Le simulazioni hanno innanzitutto mostrato che una protoluna circondata da un disco contenente una cospicua quantità di vapore post impatto non è in grado di crescere fino a raggiungere una dimensione grande rispetto a quella del pianeta associato a causa della forza di resistenza esercitata dal vapore mentre essa si forma. Tale forza agisce, infatti, nella stessa direzione di moto dell’oggetto target, ma in verso opposto, creando pertanto una resistenza che lo ostacola e induce a perdere energia. Nel caso di moto rotatorio, come quello delle piccole lune attorno al loro pianeta, il vapore provoca una progressiva perdita di momento angolare che le fa scivolare rapidamente verso quest’ultimo, e impedisce loro di superare il limite dei 100 m o km di diametro. L’effetto della forza di resistenza è allora tanto più rilevante quanto maggiore è la quantità di vapore iniziale nel disco protolunare: di conseguenza, solo i dischi inizialmente poveri di vapore permettono la formazione di grandi lune. Se, invero, essi perdono vapore dopo un certo periodo di tempo, anche la materia che li costituisce si riduce, al punto da risultare insufficiente a dare vita a satelliti simili alla Luna.

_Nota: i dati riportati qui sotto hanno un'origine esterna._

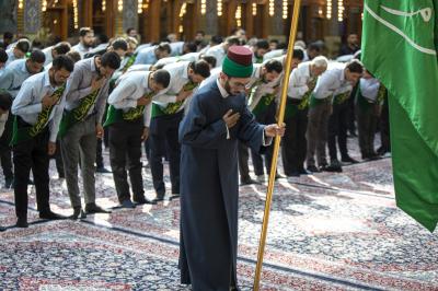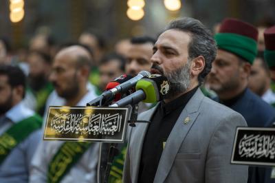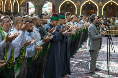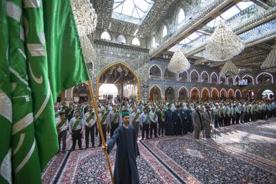 وتابع "يستذكر خَدَمة المرقد الطاهر خلال وقفتهم الإنشاديّة مآثر أئمّة أهل البيت(عليهم السلام)، بمشاركة جمعٍ كبير من الزائرين الوافدين للعتبة العبّاسية المقدّسة".
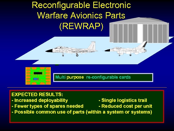 Reconfigurable Electronic Warfare Avionics Parts (REWRAP) Multi purpose re-configurable cards EXPECTED RESULTS: - Increased deployability - Single logistics trail - Fewer types of spares needed - Reduced cost per unit - Possible common use of parts (within a system or systems)

In secondo luogo, le simulazioni sembrano predire che pianeti rocciosi con un raggio inferiore a 1.6 raggi terrestri (1 raggio terrestre = 6378 km) e pianeti ghiacciati con raggio inferiore a 1.3 raggi terrestri abbiano i requisiti giusti per ospitare delle lune di grandi dimensioni, in quanto non adatti a sviluppare dischi protolunari ricchi di vapore.
Il vincolo posto alla misura del raggio dei pianeti extrasolari è perciò stringente, fatto che spiega la difficoltà nell’osservazione di grandi lune al di là del Sistema Solare, a conferma della straordinaria unicità del pianeta Terra e della sua Luna.